All my readers are painfully aware of my position on XHTML being sent as text/html (or at least, that's the impression I get from all the e-mails I receive with the disclaimer "Yes, I know my site is sent as text/html, I'm so sorry, please don't shoot me, please"). So they would probably expect me to complain loudly here about how Aaron is doing the wrong thing, etc.

Well, no such luck. Aaron and I are currently in the midst of a discussion regarding the pros and cons of XHTML-as-text/html, and so it is possible that I may have my mind changed (as I did about application/xhtml+xml vs text/xml). Therefore, while I wait to see how that unfolds, my opinions on XHTML-as-text/html are on hold.

Correct MIME types

The RSS feed and the stylesheets are correctly sent with the right MIME types. Incidentally, as several people have pointed out to me, application/rss+xml is technically not a valid MIME type. Neither is the almost ubiquitous text/javascript. But if the standards communites are going to drag their feet defining obvious MIME types, the world will continue without them, sadly. There is an obsolete application/rss+xml MIME type registration ID, does anyone know why it didn't get moved to the standards track category (like text/xml) or to the informational categary (like text/html)?

No defined character set

The HTML files contain no encoding information, which means that a number of conflicting specifications (notably HTTP, MIME, RFC2854, HTML 4.01, XHTML 1.0 and XML) enter the game to try to determine which character set should be used to decode them, with the only clear conclusion being "guess". Luckily, Aaron only uses codepoints that are a common subset of US-ASCII, UTF-8, and ISO-8859-1, so the confusion doesn't cause any ambiguities.

The CSS and RSS files similarly have no explicit encoding information, but this is less of a problem. Only encodings that are a superset of US-ASCII may be used with text/css so if the file only contains US-ASCII characters the point is moot, and RSS files have well defined rules for determining the character set (the application/rss+xml specification points to section 3.2 of RFC 3023 which points to section 4.3.3 of the XML specification).

Setting colours without backgrounds

I had my default background colour set to a dark red (#BB0000, it makes a nice background) so I didn't realise that there was a header on the pages — they are coloured #b00, the same colour!
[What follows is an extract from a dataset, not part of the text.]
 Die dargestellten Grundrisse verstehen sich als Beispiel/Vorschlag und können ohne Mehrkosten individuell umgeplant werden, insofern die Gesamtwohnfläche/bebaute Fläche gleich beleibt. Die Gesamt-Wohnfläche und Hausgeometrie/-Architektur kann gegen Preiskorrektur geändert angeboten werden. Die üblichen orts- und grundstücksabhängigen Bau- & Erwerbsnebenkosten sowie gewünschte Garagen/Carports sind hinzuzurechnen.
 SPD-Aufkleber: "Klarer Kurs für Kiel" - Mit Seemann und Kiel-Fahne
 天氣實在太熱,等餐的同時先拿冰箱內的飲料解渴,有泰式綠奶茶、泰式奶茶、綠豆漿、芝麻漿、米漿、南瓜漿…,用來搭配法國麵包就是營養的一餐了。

My user stylesheet looked like this:

:root { background: #BB0000; color: white; }
:link { color: yellow; background: transparent; }
:visited { color: orange; background: transparent; }

This stylesheet also made it very hard read to read the lines giving the dates of when the articles were posted.
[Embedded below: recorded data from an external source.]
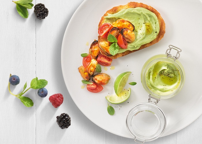 Bruschette con cozze e guacamole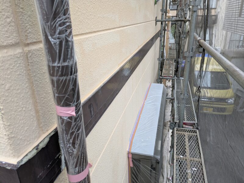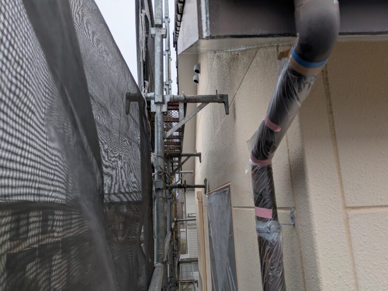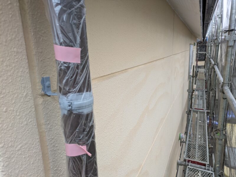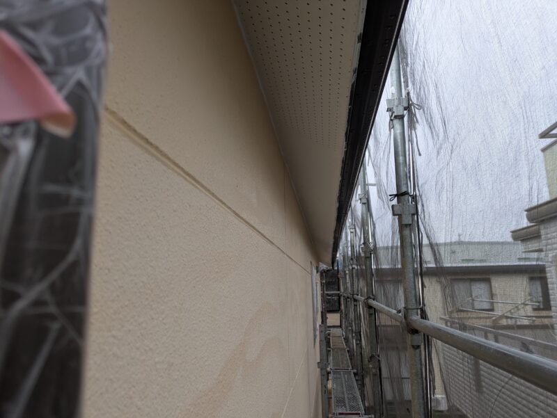 本日は養生→外壁下塗り→シーラー塗装→軒天塗装と各作業でした。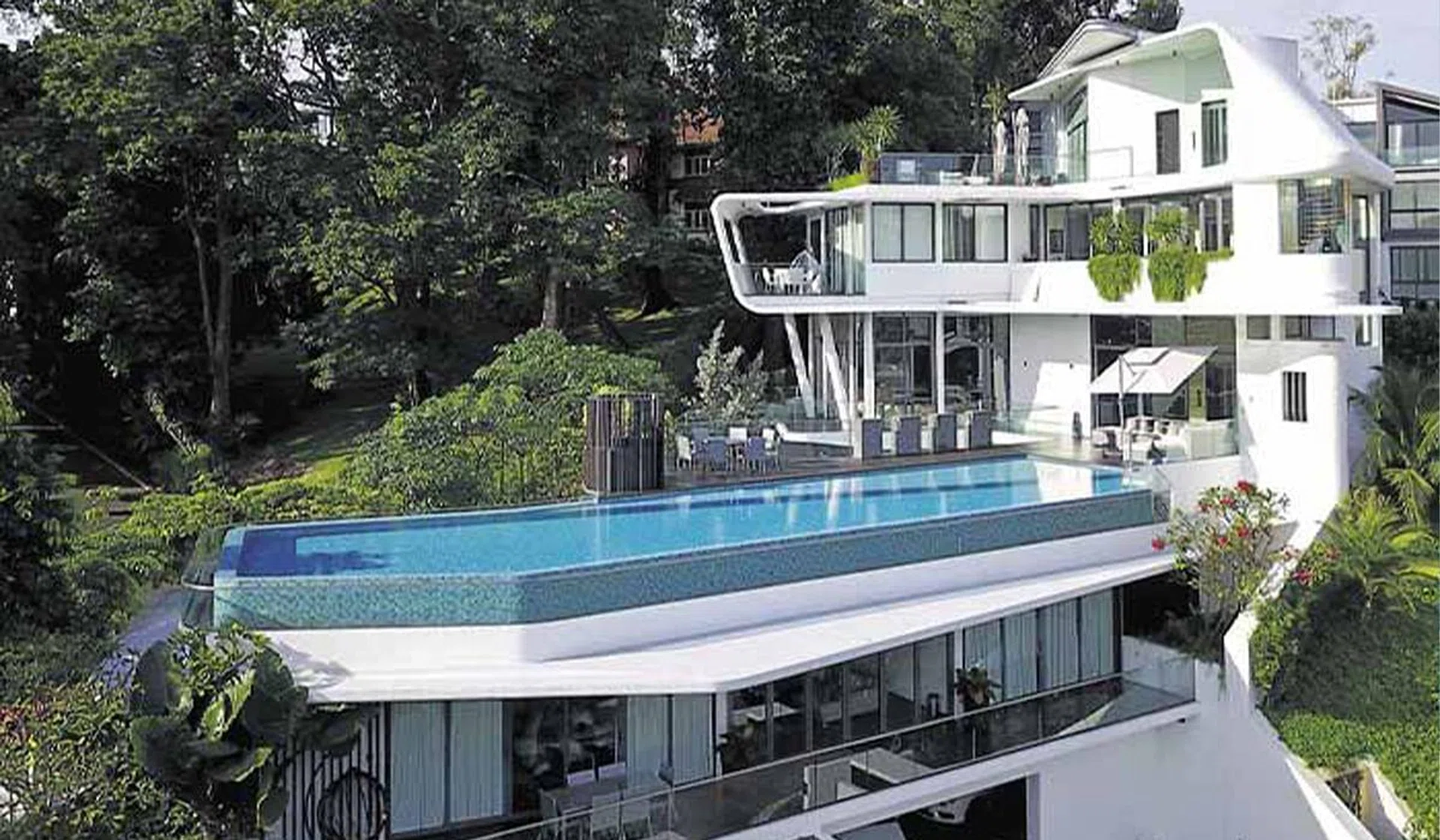 When the architect struck out on his own in 1994, the first house he designed was for his father’s boss. The bungalow at Telok Kurau has an upside down curved concrete roof to collect rainwater for the gardens. It seems nutty, but Mr Taher was of the opinion that if he designed a slide that could curve around the house, his client could wake up in the morning, slide down from his bedroom on the second floor right into the pool on the first. ”It’s such a great way to wake up, don’t you think,” he says with a straight face.

While I applaud the idea of leaving most of the colours to user, you have to be careful to always give colours and backgrounds together, so as to avoid this kind of clash. (When setting a colour to transparent, make sure to then set all colours, so as to prevent further clashes.)

<div id="banner">

As with Mark's <div id="logo">, this element appears to be there purely for stylistic reasons and doesn't seem to add anything to the structore of the document. As such, it should be removed.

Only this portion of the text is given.